While online evaluation provides live feedback, **offline evaluation** is crucial for systematically testing your agent against a benchmark dataset before deployment or during development iterations. This helps ensure quality and reliability. 

In a typical offline evaluation workflow with Langfuse Datasets:
1.  You prepare a benchmark dataset in Langfuse. Each dataset item consists of an input (e.g., a question) and optionally an expected output or other metadata.
2.  You iterate through the dataset items, running your Bedrock Agent for each input.
3.  You link each agent execution (which is a Langfuse trace) back to the corresponding dataset item in Langfuse.
4.  Optionally, you can add scores (e.g., for correctness, relevance) to these linked runs, either manually or using automated methods like [Model-Based Evals](/docs/scores/model-based-evals). Langfuse then enables you to compare performance across different evaluation runs.

### Step 3.2: Define Agent Function for Dataset Item Processing

We define a function `run_agent_on_dataset_item` that takes a dataset item's input, invokes the Bedrock agent using our instrumented function `invoke_bedrock_agent_instrumented`, and returns the trace ID and the agent's output.

In [None]:
def my_agent(question):      
        
        # Generate a custom trace ID
        trace_id = str(uuid.uuid4())

        response = invoke_bedrock_agent(
            inputText=question,
            agentId=agentId,
            agentAliasId=agentAliasId,
            sessionId=sessionId,
            show_traces=True,
            SAVE_TRACE_LOGS=True,
            userId=userId,
            tags=tags,
            trace_id=trace_id,
            project_name=project_name,
            environment=environment,
            langfuse_public_key=os.environ.get('LANGFUSE_PUBLIC_KEY'),
            langfuse_secret_key=os.environ.get('LANGFUSE_SECRET_KEY'),
            langfuse_api_url=os.environ.get('LANGFUSE_HOST'),
            streaming=False,
            model_id=agent_model_id,
        )        

        return trace_id, response['extracted_completion']

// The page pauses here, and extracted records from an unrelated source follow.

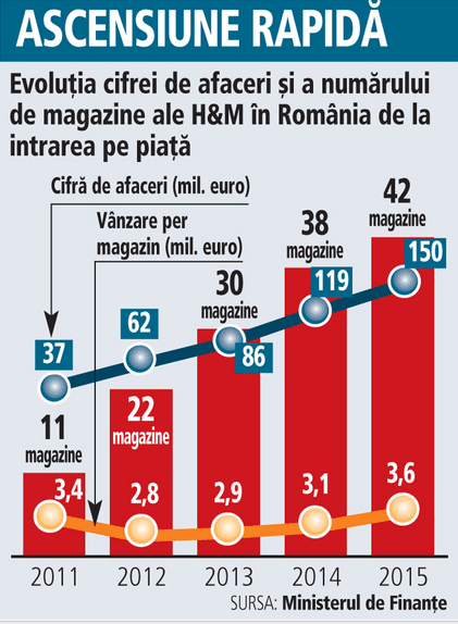 Daca in 2011, cand deschidea primele magazine in Romania, cifra de afaceri a retailerului de moda era de 37 de milioane de euro, anul trecut gigantul suedez a inregistrat o cifra de afaceri de 150 milioane de euro, in crestere cu 25% fata de anul anterior si cu 74% mai mare decat in 2013.
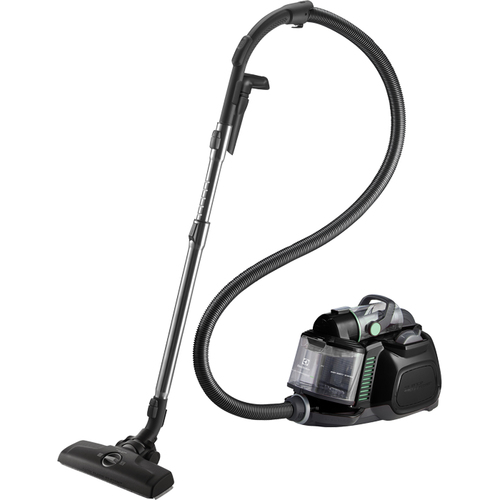 Aspirapolvere senza sacchetto in nero con due velocità.
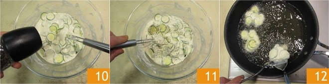 Añade la pimienta negra 10 y mezcla de nuevo 11. En una sartén grande, pon a calentar el aceite. Tan pronto como alcance una temperatura de 170°, con la ayuda de dos cucharas, sumerge un poco de la mezcla en el aceite para formar las tortitas 12. Fríe poco a poco, para no bajar la temperatura del aceite.
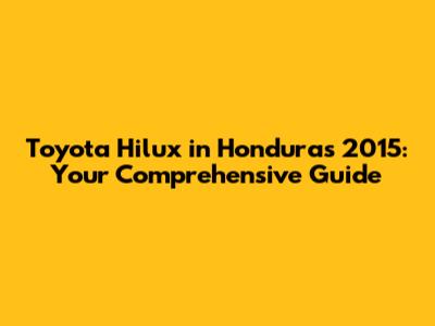 The 2015 Toyota Hilux is a solid choice if you're looking for a reliable and capable truck in Honduras. Just be sure to do your homework, inspect the vehicle carefully, and negotiate a fair price. Good luck with your search, and happy driving!
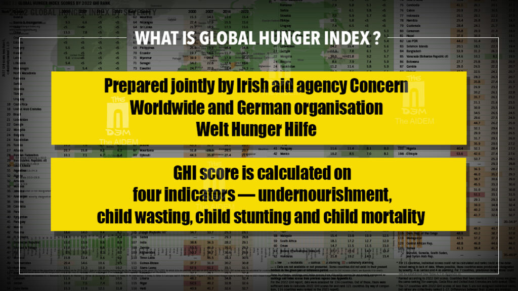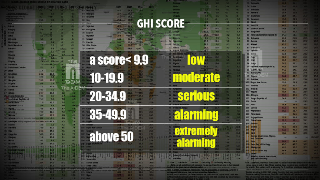 The Global Hunger Index (GHI) is a tool for comprehensively measuring and tracking hunger at global, regional, and national levels. GHI scores are based on the values of four component indicators – undernourishment, child stunting, child wasting and child mortality. The GHI score is calculated on a 100-point scale reflecting the severity of hunger, where zero is the best score (no hunger) and 100 is the worst.
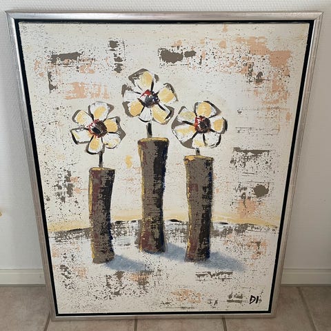 Meget smuk blomsterkomposition. Olie på lærred. Ingen synlig signatur men måske den er gemt under rammen. Eller også er der bare ingen. 55*67 cm. Du kan loppesjoppe det for 965 kr.
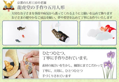 龍虎堂 五月人形【そよ風鯉モビール三匹 8-312】手書き名入れ木札つき 兜 鯉のぼり 京都人形工房リュウコドウの5月人形
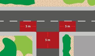 Parken an Einmündungen und Kreuzungen: Grundsätzlich gilt, dass 5 Meter vor sowie hinter den Schnittpunkten der Fahrbahnkanten das Parken unzulässig ist. Dieses Parkverbot leistet einen wichtigen Beitrag zur Verkehrssicherheit. Es sorgt nämlich dafür, dass der Einmündungsbereich für alle Verkehrsteilnehmer gut einsehbar bleibt. Das folgende Bild zeigt, was an Einmüdnungen zu beachten ist:

### Step 3.3: Run Agent on Dataset and Link Traces to Langfuse

Finally, we fetch a dataset from Langfuse and then iterate through each item in the dataset. 

Finally, `langfuse.flush()` ensures all trace data and linkage information are sent to Langfuse.

In [None]:
from langfuse import Langfuse
langfuse = Langfuse()

dataset = langfuse.get_dataset('dataset-restaurant-agent')

for item in dataset.items:

    trace_id, output = my_agent(item.input["text"])

    # link the execution trace to the dataset item and give it a run_name
    item.link(
        trace_or_observation = langfuse.trace(id = trace_id),
        run_name = "run_test",
        run_description="my dataset run", # optional
        run_metadata={ "model": "gpt-4.5-preview" } # optional
    )

langfuse.flush()

### Step 3.4: Analyze Results in Langfuse

After running the evaluation, navigate to your project in Langfuse. In the 'Datasets' section, select your dataset. You will find your evaluation run listed under the 'Runs' tab for that dataset.

Langfuse helps you compare these runs based on the captured traces and associated scores. You can set up [Model-Based Evals](/docs/scores/model-based-evals) in Langfuse to automatically assess aspects like correctness against expected answers (if your dataset includes them) or other quality dimensions based on LLM-as-a-judge.